The Chokecherry Tree


" It's a tree Lu. A chokecherry tree." (93)

This description not only startled me but moved me in a such a way that I could not get past this image when I first read these words. Sethe's back was so torn, ripped, swollen, and red that it was unrecognizable. It was no longer a human back, but a tree. Just to think how many times this woman was whipped, and how much pain she suffered before she escaped is disturbing. I say disturbing because I can never and will never understand how humans can treat other humans as if they're a piece of meat; as if they were meaningless creatures devoured of their dignity. When Amy described Sethe's markings as a chokecherry tree, I immediately thought of this image to right. I have seen this image time and time again of this African-American man with his back towards the camera displaying his chokecherry tree back.

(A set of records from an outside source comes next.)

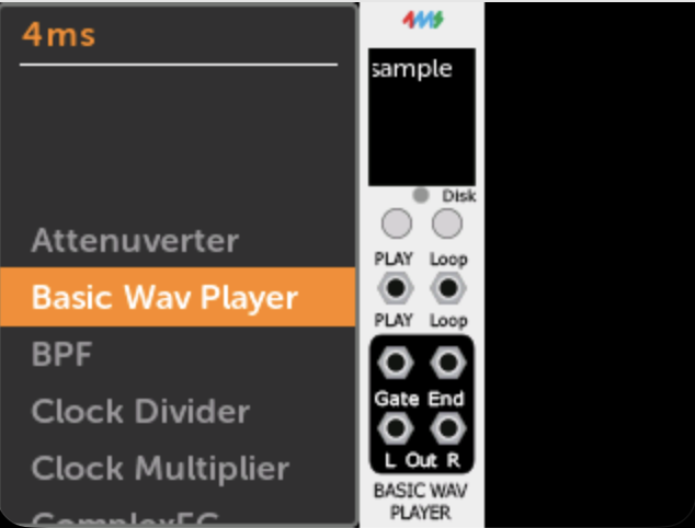 The Basic Wav Player is found in the 4ms brand in the module browser.
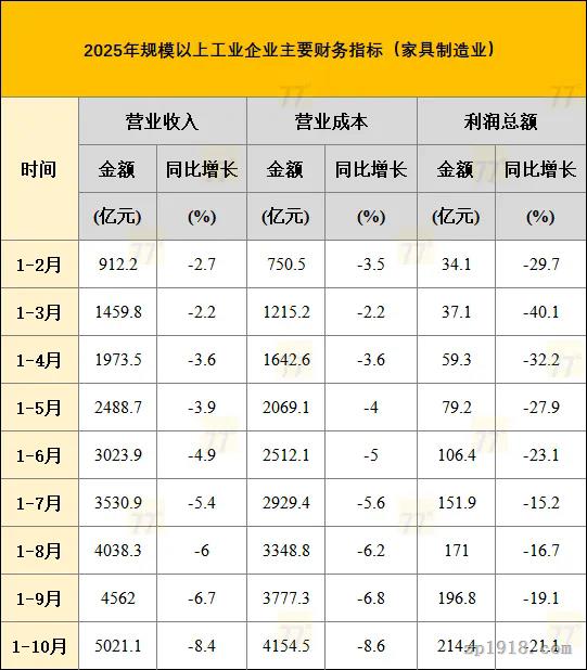 这些数据与整体工业环境形成对比。1-10月份,全国规模以上工业企业实现利润总额59502.9亿元,同比增长1.9%,自8月以来累计增速已连续三个月保持增长。在整体工业营业收入同比增长1.8%的背景下,家具制造业及其相关产业的持续承压,凸显出特定行业面临的结构性挑战。
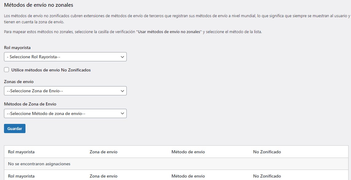 Cuando se detecta un usuario mayorista en el carrito o en el pago, el complemento se refiere al mapeo que configuraste en esta interfaz para determinar qué opciones de envío deberían ver.

I was touched by Amy's efforts to comfort Sethe; making something so gruesome and painful into something delightful.

"See, here's the trunk-- it's red and split wide open, full of sap, and this here's the parting for the branches. You got a might lot of branches. Leaves, too, look like, and dern if these ain't blossoms. They little cherry blossoms, just as white. Your back got a whole tree on it. In bloom." (93)

This is a such a tender moment between the two because here's a white girl, massaging, and making light of this colored-woman's tribulations. Amy was thoughtful enough to come up with such a description. She didn't talk on and on about how terrible it was. She decided to make it better by associating the markings with something beautiful instead of something horrid.


Tuesday, March 6, 2012

Howl Part 1: Reckless Living

Upon reading this poem, I encountered this overwhelming feeling of recklessness. Reckless in time, space, living, breathing, eating...just reckless. The first few lines of the poem generates this downward spiral that is going to be displayed in strange form, which in my ind was proven to be right.

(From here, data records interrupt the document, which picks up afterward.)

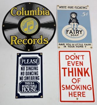 Retro Enamel Signs, Fairy Soap you have a little Fairy in your Home 25 x 18cm, Please No Singing No Dancing No Swearing this is a Respectable House 22 x 13cm, Don't Even Think of Smoking in Here 25 x 17cm, Columbia Records 29 cm dia
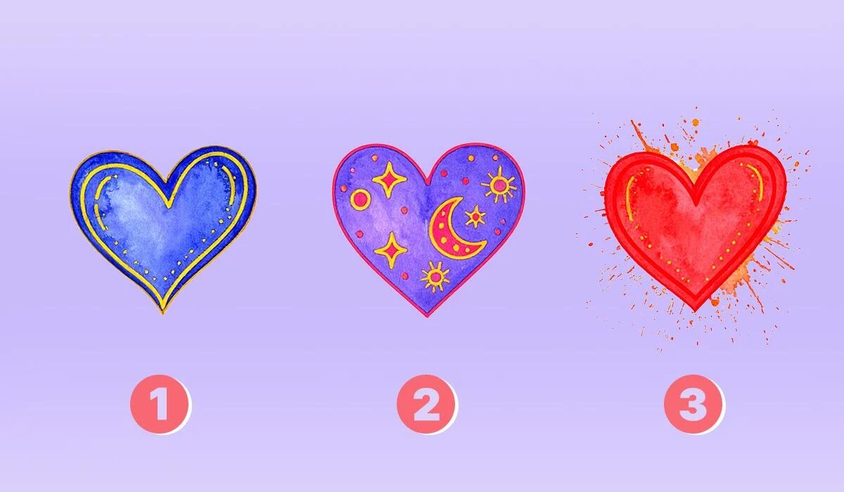 Чтобы пройти тест, достаточно выбрать одно из трёх представленных сердец: красное, фиолетово-розовое или синее. Каждый из этих выборов символизирует разные аспекты личных предпочтений и характерных черт, которые могут повлиять на отношения.
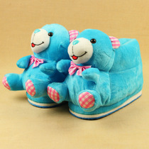 5色卡通毛絨熊拖鞋 高幫加厚女冬季棉...
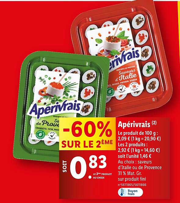 Découvrez l'offre de Aperivrais chez Lidl! Cette offre fantastique est maintenant disponible dans le nouveau catalogue de Lidl. Profitez de cette occasion et économisez considérablement sur votre achat.

I saw the best minds of my generation destroyed by madness, starving hysterical naked,
dragging themselves through the negro streets at dawn looking for an angry fix,
angelheaded hipsters burning for the ancient heavenly connection to the starry dynamo
in the machinery of night...

These minds that the speaker introduces us to are the, who's, we see throughout the entire poem. These are people who, the speaker initially stated, have been destroyed and are now dragging themselves looking for that angry fix. Because this is the notion these minds are driven by, recklessness consumes them in their travels to seek temporary fix. This recklessness exudes the feeling of getting nowhere fast. At least that is the way I interpret it.

There is a lot of references to hopelessness and failure:

"who were expelled from the academies for crazy & publishing obscene odes on the windows of the skull,who cowered in unshaven rooms in underwear, burning their money in wastebaskets and listening to the Terror through the wall,"

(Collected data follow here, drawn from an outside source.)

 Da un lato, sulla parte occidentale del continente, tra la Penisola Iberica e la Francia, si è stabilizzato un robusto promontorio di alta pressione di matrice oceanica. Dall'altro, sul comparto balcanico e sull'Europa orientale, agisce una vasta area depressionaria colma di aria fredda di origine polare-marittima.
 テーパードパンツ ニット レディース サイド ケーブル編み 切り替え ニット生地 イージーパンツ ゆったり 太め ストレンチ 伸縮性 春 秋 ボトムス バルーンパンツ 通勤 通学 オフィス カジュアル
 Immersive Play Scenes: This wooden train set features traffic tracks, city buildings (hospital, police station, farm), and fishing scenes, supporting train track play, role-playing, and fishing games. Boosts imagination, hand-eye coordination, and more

"who wandered around and around at midnight in the railway yard wondering where to go, and went, leaving no broken hearts,"


"who faded out in vast sordid movies, were shifted in dreams, woke on a sudden Manhattan, and picked themselves up out of basements hungover with heartless Tokay and horrors of Third Avenue iron dreams & stumbled to unemployment offices,"

All of these just overwhelms me with the thoughts of those people who can't seem to get their life together. Even the structure of the poem shows the scrambling of this type of life. The lines go on and on with commas making the scrambling pause now and then. The speaker is displaying a certain lifestyle that is in a way muted. It is a lifestyle that not all experience but many wish they would never to experience.

It's a progression of unfortunate events that make these who's continue on with a reckless lifestyle. The imagery I get is a collage of drug addicts life. Perhaps Ginsberg wasn't describing solely a drug addict lifestyle but it certainly felt like it especially with all the drug references or objects that are used like drugs for example, benzedrine, turpentine, narcotic tobacco haze, cooked rotten animal lungs, and opium.

Perhaps he was describing his life during the first World War stated in the introduction by Williams Carlos Williams. Williams stated that he was " mentally much disturbed" by this event and this disturbed Williams as well. Therefore this poem could be describing those dark moments in his life before becoming a successful poet. If this poem is a connotation of this period then it makes a lot more sense because he's not describing people at random, it's people or events he has encountered.